Preventive Compliance

To be most useful, however, risk assessment should go beyond mere identification of applicable laws and ways they might be violated by an organization's activities. Preventive compliance resources (eg, direct control systems, training, information dissemination, monitoring, auditing) should be deployed according to the results of a systematic search for any areas of organizational activity that present an elevated risk of violations of law, as compared to other areas. How can an organization identify the areas where additional compliance resources should be deployed?

Extraordinary Pressures

Violations of law within organizations often result from extraordinary pressures on performance. To satisfy their superiors, some people under extraordinary pressure may find it convenient, or even necessary, to cheat. Extraordinary pressure can come form many external sources: stock market expectations (leading, eg, to financial manipulations), new government mandates (leading, eg, to cheating by schools on student test results), fierce new competition when a key patent expires or a competitor launches a successful innovation (leading, eg, to bribery of customer purchasing agents or other improper sales practices, or fraud to hasten regulatory approvals for new products), unexpected problems with raw materials or manufacturing (leading, eg, to shipment of defective products). Extraordinary pressure can also come from internal sources: layoffs (which may lower the morale of remaining employees while compelling them to work harder, faster, more productively), budget cuts (which may make compliance more difficult, or even impossible), and higher performance targets (same). Areas where such factors operate may present an elevated risk of violations.

Newness

Newness may elevate compliance risk. New statutes, regulations, public policies, accounting standards, and other regulators of conduct and creators of incentives, and new interpretations of any of them, may not be fully thought through and so may create unnoticed opportunities for improper gain through cheating. An organization's existing systems for preventing and detecting violations may fail to address those opportunities, but adventurous employees may see them and seek to exploit them. New internally generated organizational activities and new ways of conducting ongoing activities also may warrant special attention. A new management team may need special initial help in ensuring compliance.

Structural Changes

Structural changes (eg, mergers, internal reorganizations) may temporarily disrupt established compliance mechanisms, and introduce windows of opportunity for violations that escape previously applicable controls. Acquisitions may bring within the acquirer's responsibility organizations with cultures and programs less conducive to compliance and, therefore, in need of improvement.

Other Areas

Increased risk may be presented by areas of organizational activity that are not internally transparent, eg, areas that are outside the usual controls administered by the law department, the regulatory department, or the internal auditors. Self-contained areas whose activities or profits “no outsider can understand” or “you don't want to know about” obviously warrant attention. The same concern applies to areas whose reported performance is too good to be true, or too good to be lawful.
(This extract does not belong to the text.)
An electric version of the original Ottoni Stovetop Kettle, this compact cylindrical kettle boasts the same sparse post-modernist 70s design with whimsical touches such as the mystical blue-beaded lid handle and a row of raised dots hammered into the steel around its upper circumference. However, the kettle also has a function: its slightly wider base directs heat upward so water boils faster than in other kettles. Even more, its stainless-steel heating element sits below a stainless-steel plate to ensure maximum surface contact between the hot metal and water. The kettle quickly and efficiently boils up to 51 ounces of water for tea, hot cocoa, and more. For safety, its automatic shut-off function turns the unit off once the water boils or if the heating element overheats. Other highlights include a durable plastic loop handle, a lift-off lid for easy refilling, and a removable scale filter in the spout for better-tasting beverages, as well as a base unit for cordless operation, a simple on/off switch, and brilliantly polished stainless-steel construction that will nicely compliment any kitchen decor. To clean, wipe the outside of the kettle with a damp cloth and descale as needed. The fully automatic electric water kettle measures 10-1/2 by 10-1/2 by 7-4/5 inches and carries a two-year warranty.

Although some of the recent financial scandals appear to have resulted from blatant fraud, others appear to have resulted from very complex, sophisticated transactions in areas where the line between acceptable and unacceptable conduct or between merely unacceptable and criminal conduct may be debatable. A risk assessment should seek to identify areas in which such transactions are occurring.
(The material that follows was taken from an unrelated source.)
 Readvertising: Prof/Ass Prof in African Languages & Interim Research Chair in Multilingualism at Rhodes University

An organization's own compliance history may identify areas warranting special attention. That history may be reflected not only in past governmental enforcement actions and inspection or audit reports, but also in private lawsuits, customer complaints, quality control reports, external and internal audit reports, and other assessments of performance.

Increased scrutiny may be warranted in areas whose managers have the reputation of not tolerating bad news from subordinates, of not wanting to know the details of how performance targets are achieved, or of resisting compliance-oriented activities. Such scrutiny may be warranted in areas whose reported level of success is inexplicable, and in areas experiencing unexpected failure to meet goals (because ongoing failure may particularly tempt employees to cheat).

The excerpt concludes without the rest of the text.